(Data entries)
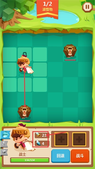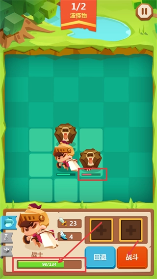 战斗时留意【1/2-波次怪物】,借助战士【23点攻击】【4点速度】的属性,观察怪物布局后伺机发起进攻。
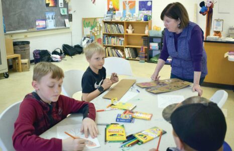 RETIRED ART TEACHER Mary Jo DeSmit assists student Kolton Shuck, left, with an art project while David Blake colors during the afterschool art club at the Crystal Falls Contemporary Center, a place that aims to provide “a safe environment for local and visiting youth and adults to come together for fun, cultural, artistic activities and enrichment.” (Marguerite Lanthier/Daily News photo)
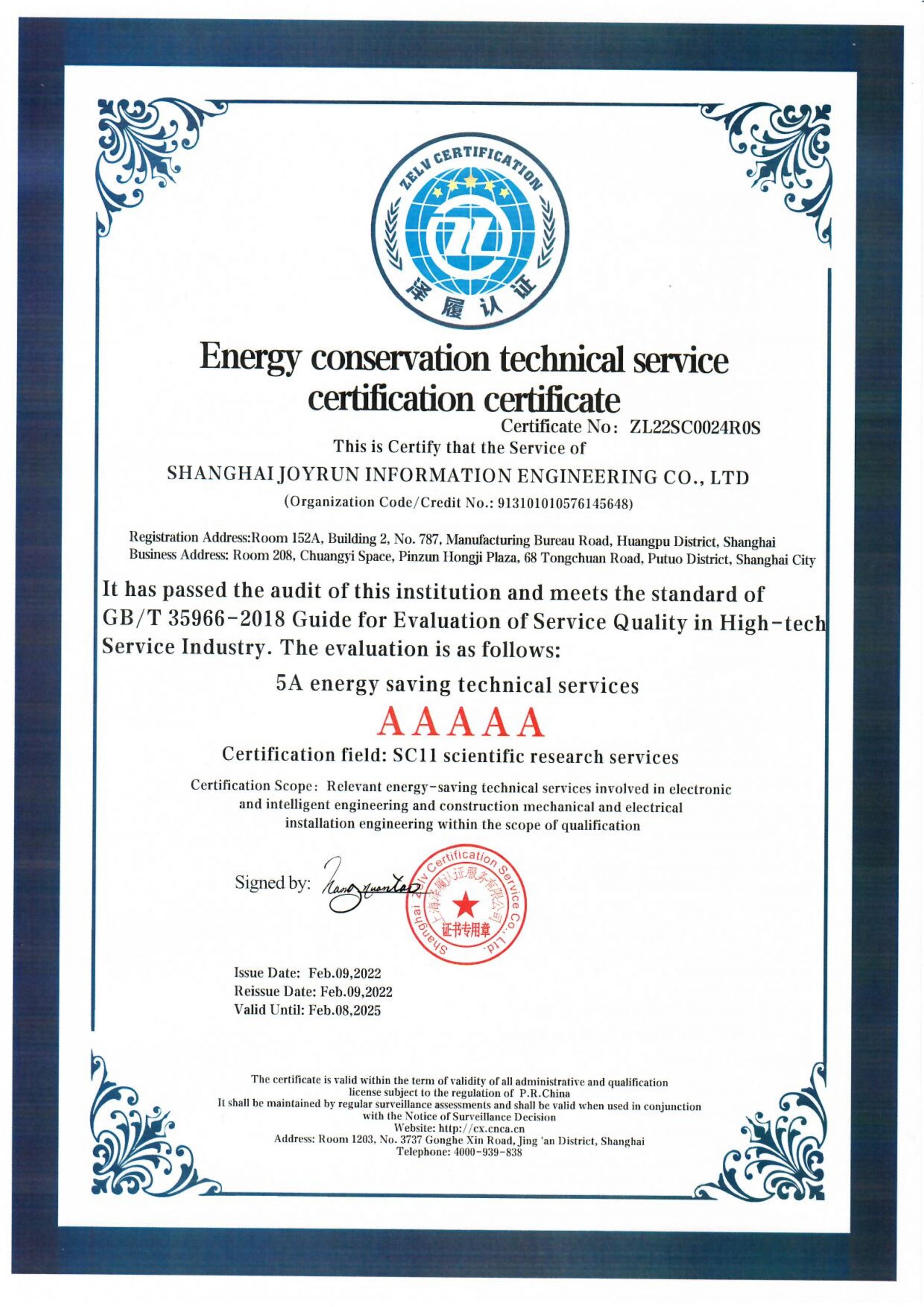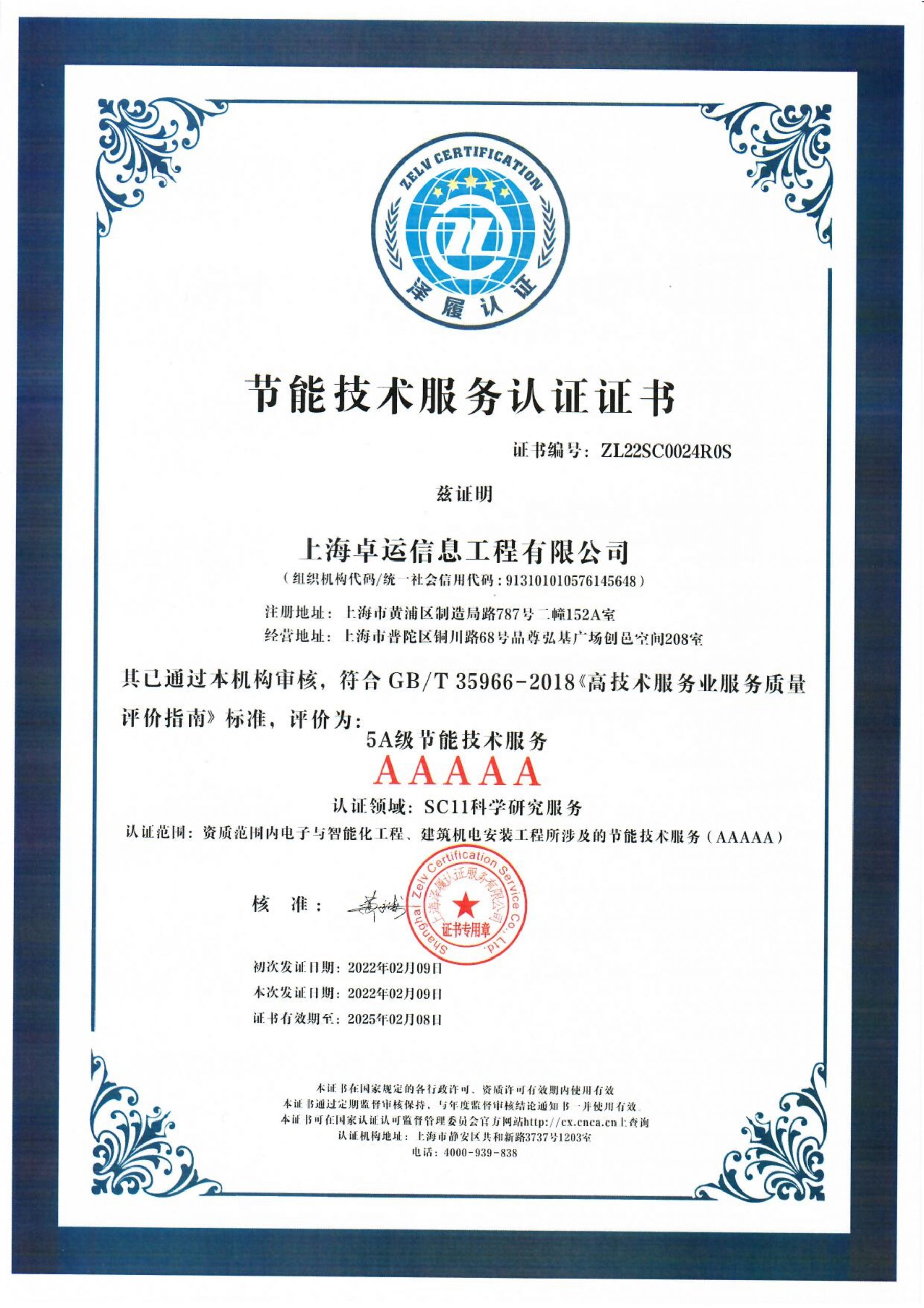 5A级节能技术服务认证证书
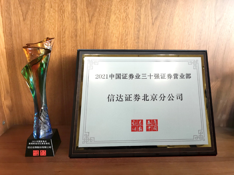 2021年10月28日,由《证券时报》主办的“2021中国证券公司年会暨君鼎奖颁奖典礼”在深圳圆满举办。在此次“中国证券业君鼎奖”评选活动中,信达证券荣获“2021中国证券业新锐财富经纪商君鼎奖”、信达证券北京分公司荣获“2021中国证券业三十强证券营业部”!
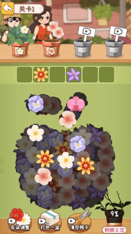 3、通过消除相同颜色的花朵来制作花束,达到进度100%即可通关。
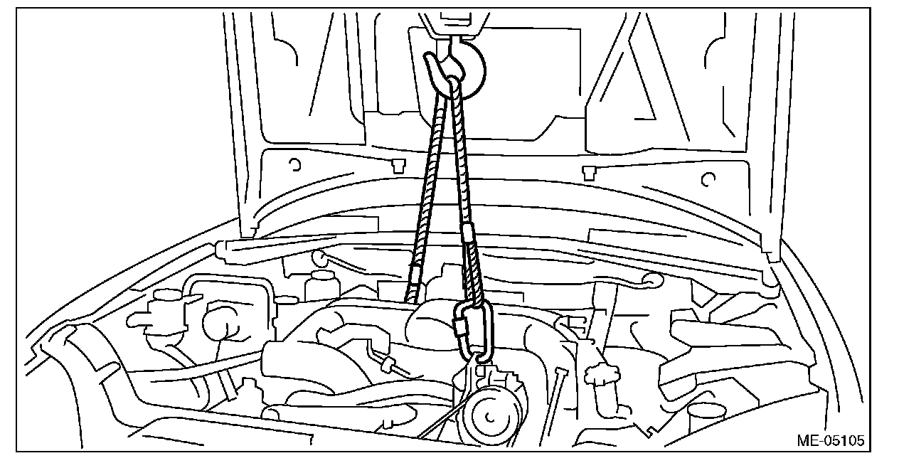 29) Support the engine with a lifting device and wire ropes.
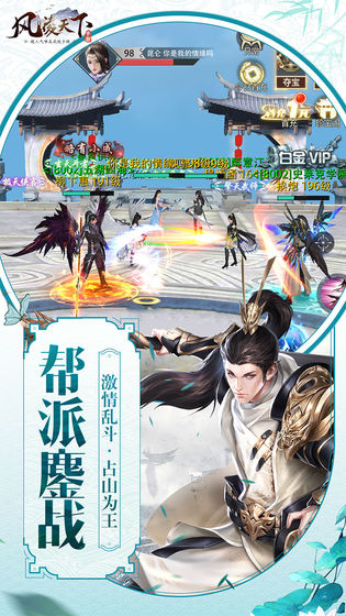 2、跨服征战,剑指八荒,仙盟吃鸡,百人决战夺神装。
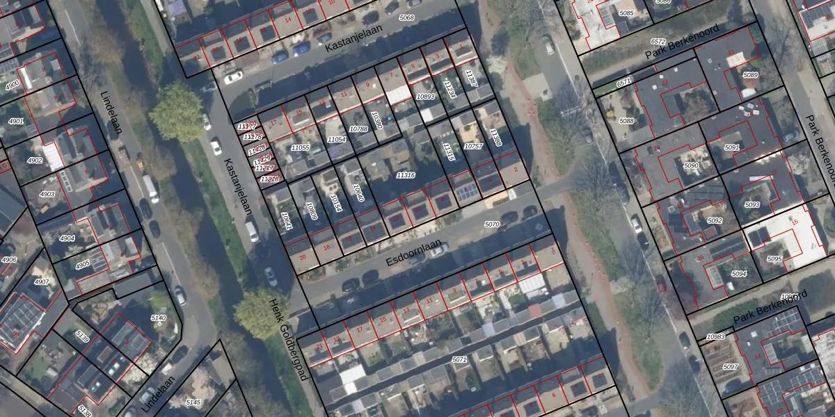 Esdoornlaan 10 is gelegen op kadastraal perceel PAK00C11316. Deze kadastrale aanduiding is uniek en wordt gebruikt door het Kadaster om eigendomsrechten en andere zakelijke rechten vast te leggen. Het perceel maakt onderdeel uit van de kadastrale gemeente Pijnacker.
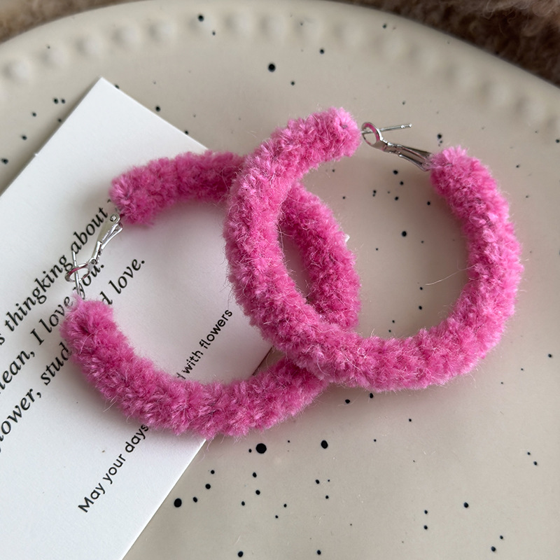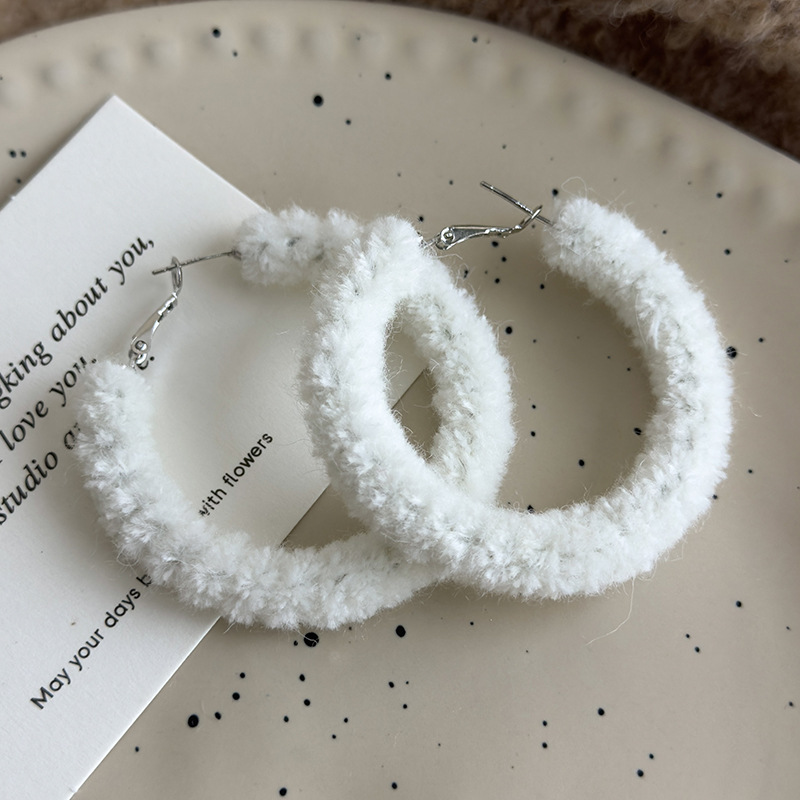 가을과 겨울 부드러운 봉제 귀걸이 여성 한국 스타일 레트로 하이 엔드 센스 화이트 로즈 핑크 귀 반지 보석 트렌디스토어 가기

TASK ITEM
The copy starts at the line holding "Esdoornlaan 10 is" and ends at the last line of the records above. Transcribe those lines exactly, pictures excluded.

ANSWER AREA
 Esdoornlaan 10 is gelegen op kadastraal perceel PAK00C11316. Deze kadastrale aanduiding is uniek en wordt gebruikt door het Kadaster om eigendomsrechten en andere zakelijke rechten vast te leggen. Het perceel maakt onderdeel uit van de kadastrale gemeente Pijnacker.
 가을과 겨울 부드러운 봉제 귀걸이 여성 한국 스타일 레트로 하이 엔드 센스 화이트 로즈 핑크 귀 반지 보석 트렌디스토어 가기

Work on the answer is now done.